Lohn / Tarif / Rente

Bezahlte Freistellung des Arbeitnehmers

Ein Anspruch auf eine bezahlte Freistellung leitet sich aus den Tarifverträgen für das Baugewerbe für die Arbeitnehmer ab. Gründe auf bezahlte Freistellung für die gewerblichen Arbeitnehmer sind im § 4 Bundesrahmentarifvertrag für das Baugewerbe (BRTV-Baugewerbe) sowie für die Angestellten ebenfalls im § 4 Rahmentarifvertrag für die Angestellten und Poliere im Baugewerbe (RTV-Angestellte) angeführt.
Danach besteht Anspruch auf bezahlte Freistellung für
  • die Freistellung aus familiären Gründen, z. B.
    • 3 Arbeitstage für seine eigene Eheschließung oder Eintragung einer Lebenspartnerschaft,
    • 2 Arbeitstage bei Entbindung der Ehefrau oder der eingetragenen Lebenspartnerin,
    • 2 Arbeitstage beim Tod von Eltern, Ehegatten, eingetragenen Lebenspartnern oder Kindern,
    • 1 Arbeitstag bei schweren Erkrankungen der zur häuslichen Gemeinschaft gehörenden Familienmitglieder bei ärztlicher Bescheinigung,
    • 2 Arbeitstage bei Wohnungswechsel mit eigenem Haushalt, jedoch nur einmal im Kalenderjahr und nicht während eines wirksam gekündigten Arbeitsverhältnisses.
    Der Arbeitnehmer hat Anspruch auf Freistellung von der Arbeit unter Zahlung seines Gesamttarifstundenlohnes (GTL) für acht Stunden in der Sommerarbeitszeit- soweit die Freistellung in der Winterarbeitszeit erfolgt, für 7,5 Stunden - je Arbeitstag.
  • die Freistellung aus besonderen Gründen, z. B.

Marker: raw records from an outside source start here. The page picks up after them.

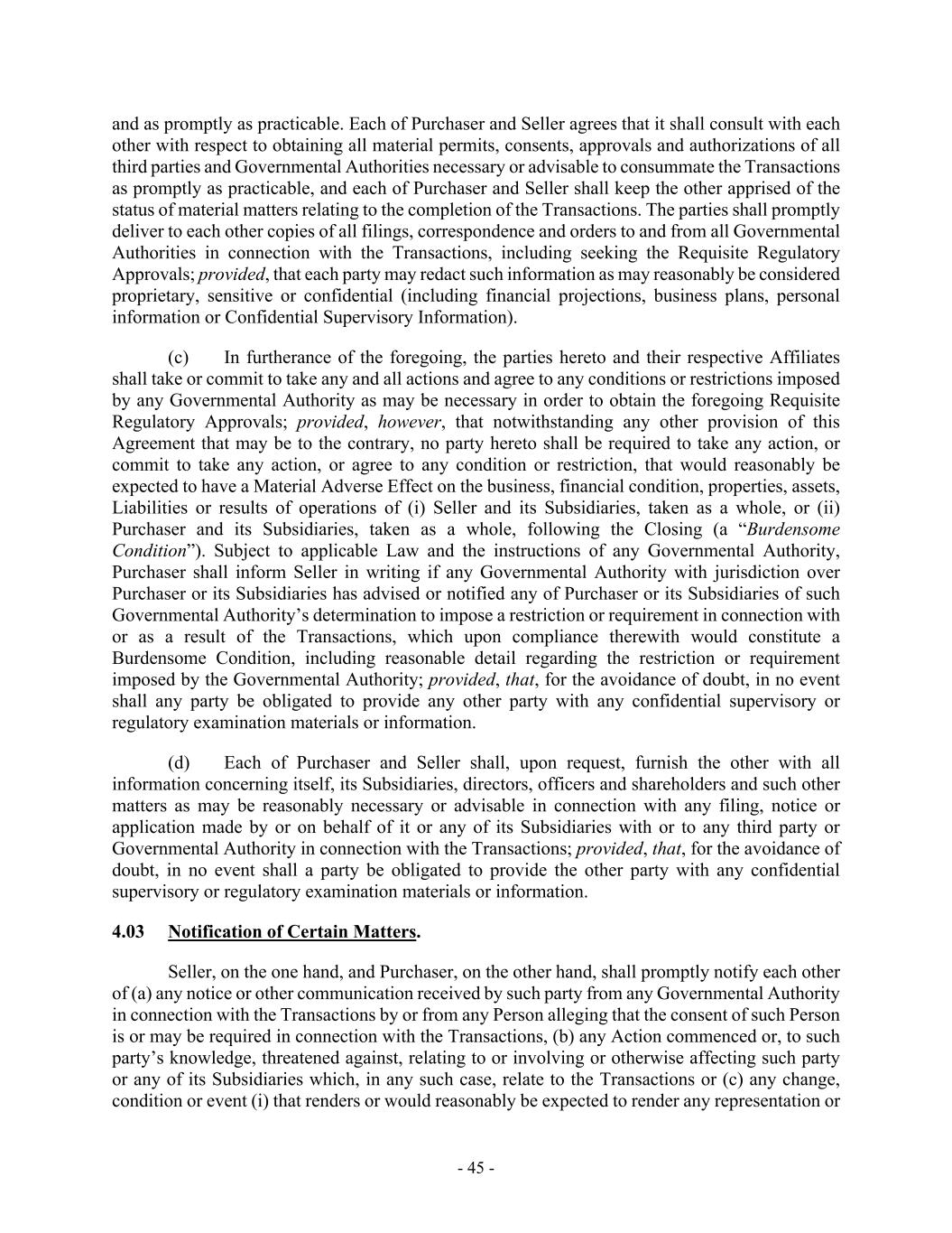 -45-并在切实可行的范围内尽快。买卖双方各自同意,应就获得所有第三方和政府当局为尽快完成交易所必需或可取的所有材料许可、同意、批准和授权相互协商,买卖双方应将与完成交易有关的重大事项的状态随时通知对方。各方应迅速向彼此交付与交易有关的所有政府当局的所有备案、通信和命令的副本,包括寻求必要的监管批准;但条件是,每一方可编辑合理地被视为专有、敏感或机密的信息(包括财务预测、商业计划、个人信息或机密监管信息)。(c)为促进上述规定,本协议各方及其各自的附属机构应采取或承诺采取任何和所有行动,并同意任何政府当局为获得上述必要的监管批准而施加的任何条件或限制;但条件是,尽管本协议的任何其他规定可能相反,本协议任何一方均不得被要求采取任何行动,或承诺采取任何行动,或同意任何条件或限制,合理预期会对交割后(i)卖方及其子公司作为一个整体,或(ii)买方及其子公司作为一个整体的业务、财务状况、财产、资产、负债或经营业绩产生重大不利影响(“负担条件”)。在符合适用法律和任何政府当局的指示的情况下,如果对买方或其子公司具有管辖权的任何政府当局已告知或通知任何买方或其子公司该政府当局决定对交易施加与交易有关或因交易而施加的限制或要求,买方应以书面通知卖方,一旦遵守该限制或要求将构成繁重的条件,包括有关政府当局施加的限制或要求的合理细节;但为免生疑问,在任何情况下,任何一方都没有义务向任何其他方提供任何保密的监督或监管审查材料或信息。(d)买方和卖方各自应根据要求向对方提供关于其本身、其子公司、董事、高级职员和股东的所有信息,以及与其或代表其或其任何子公司就交易向任何第三方或政府当局提出或向其提出的任何备案、通知或申请有关的合理必要或可取的其他事项;但为免生疑问,在任何情况下,一方均无义务向另一方提供任何保密的监督或监管审查材料或信息。4.03若干事项的通知。卖方和买方应迅速相互通知(a)该方从任何政府当局收到的与交易有关的任何通知或其他通信,由任何人或从任何人声称与交易有关需要或可能需要该人的同意,(b)已开始的任何诉讼,或据该方所知,对该方或其任何子公司构成威胁、有关或涉及或以其他方式影响的任何诉讼,而在任何此类情况下,与交易有关,或(c)任何变更,条件或事件(i)作出或会合理预期作出任何陈述或
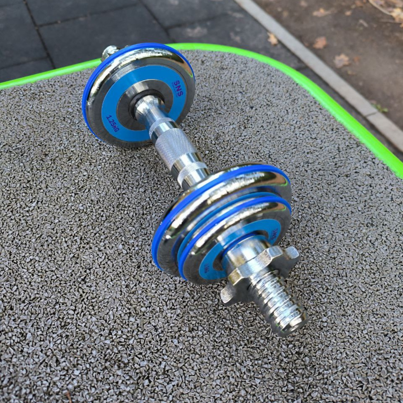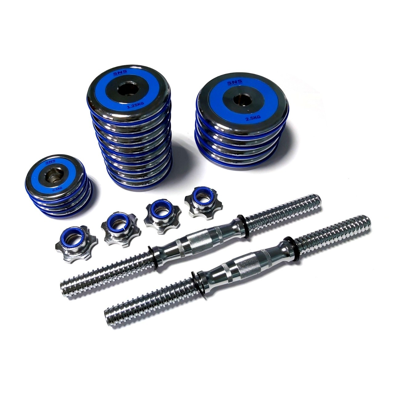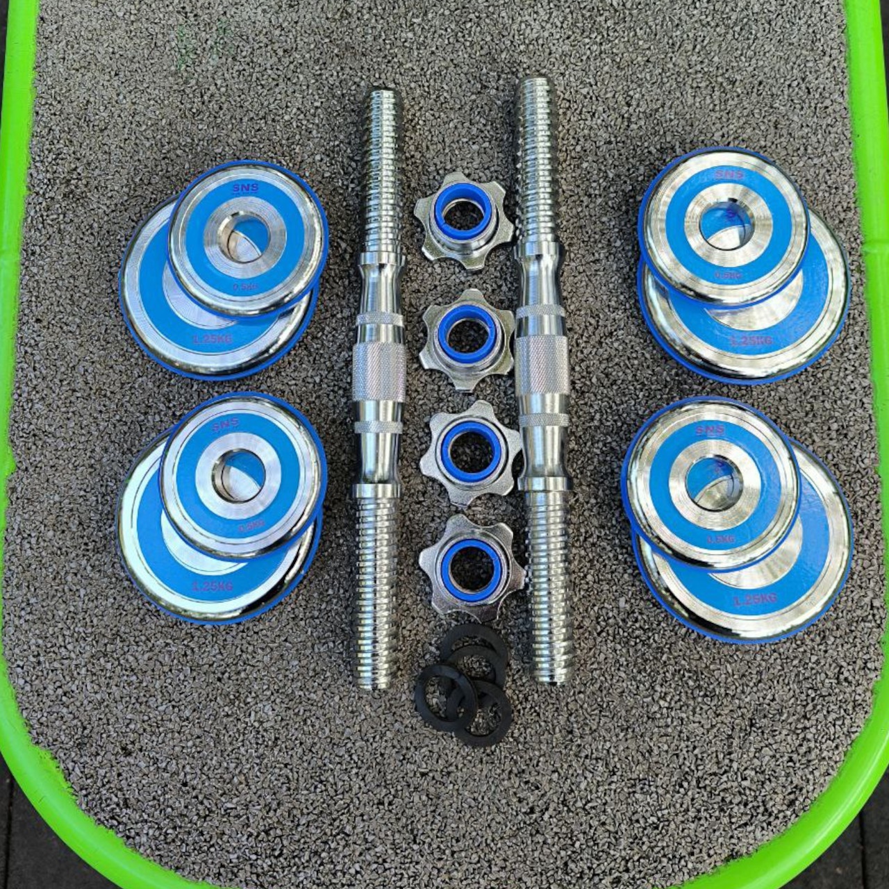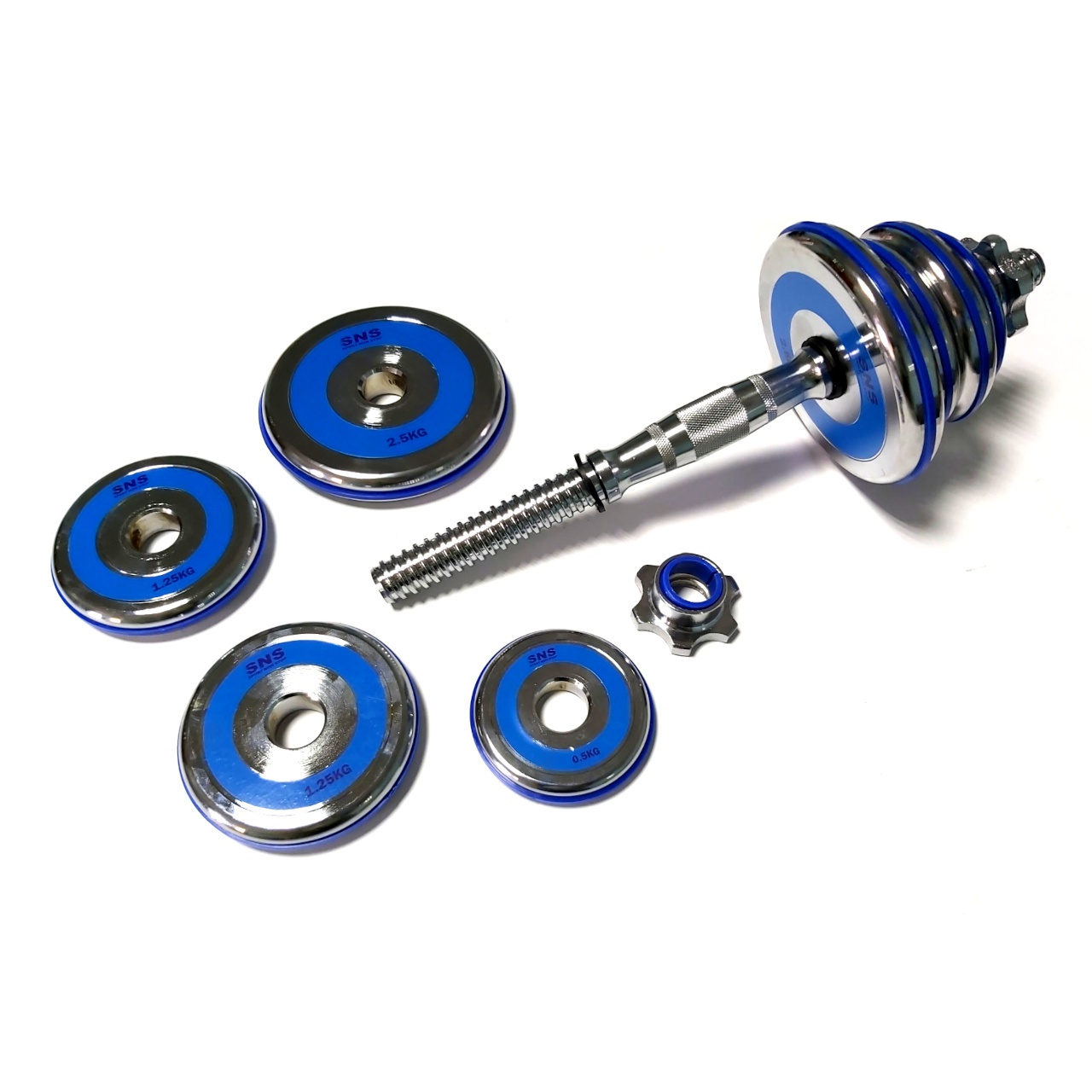 Гантелі розбірні виконані із хромованої сталі. Легка зміна дисків дозволить швидко підібрати оптимальну для себе вагу. Кожен диск доданий блакитним демфером. Гантелі набір із двох штук допоможуть дзеркально опрацювати м’язи, вони зручні у використанні. Гантелі мають гриф із насічками, що забезпечує більше зчеплення з долонями.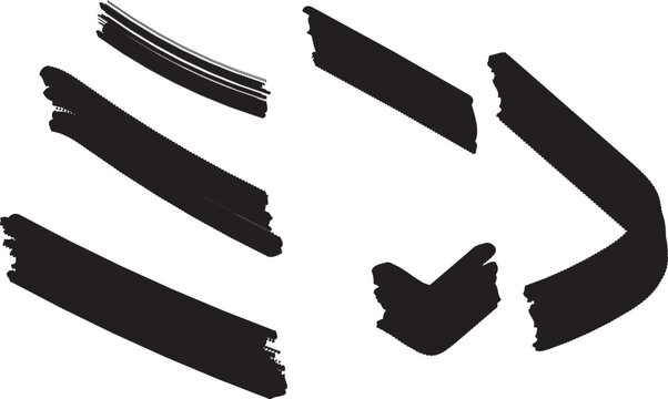 Vector set of twelve isolated black grunge brush strokes and hand-drawn marker lines for creative design elements. 12

    • beim Aufsuchen eines Arztes, wenn der Besuch nachweislich während der Arbeitszeit erforderlich ist und keine Dauerbehandlung vorliegt,
    • bei einer Einladung von einem Gericht oder einer sonstigen in Ausübung amtlicher Befugnisse tätig werdenden Behörde, sofern er keinen Anspruch auf Entschädigung hat und nicht als Beschuldigter, Angeschuldigter, Angeklagter oder Betroffener oder als Partei im Zivilprozess oder im Verwaltungsverfahren geladen ist.
    Der Arbeitnehmer ist für die tatsächlich zur Erledigung der Angelegenheit benötigte Zeit unter Zahlung seines Gesamttarifstundenlohnes, höchstens jedoch für acht Stunden in der Sommer- bzw. 7,5 Stunden in der Winterarbeitszeit, freizustellen.
Der Arbeitnehmer muss in den angeführten Fällen um Arbeitsbefreiung nachsuchen. Ist dies nicht möglich, so hat er den Grund der Verhinderung unverzüglich glaubhaft zu machen. Andernfalls entfällt der Lohnanspruch.
Bei Ausübung gesetzlich auferlegter Pflichten aus öffentlichen Ehrenämtern ist für die notwendig ausfallende Arbeitszeit ohne Anrechnung auf den Urlaub und ohne Fortzahlung des Lohnes Freizeit zu gewähren.
Eine besondere Form der Freistellung ist die Freistellung eines gewerblichen Arbeitnehmers zu einer Arbeitsgemeinschaft (ARGE). Sie ist jedoch sehr selten, da meistens eine Abordnung erfolgt. Im Fall einer Freistellung ruht das Arbeitsverhältnis des Arbeitnehmers zum Stammbetrieb während der Dauer der Freistellung an die ARGE.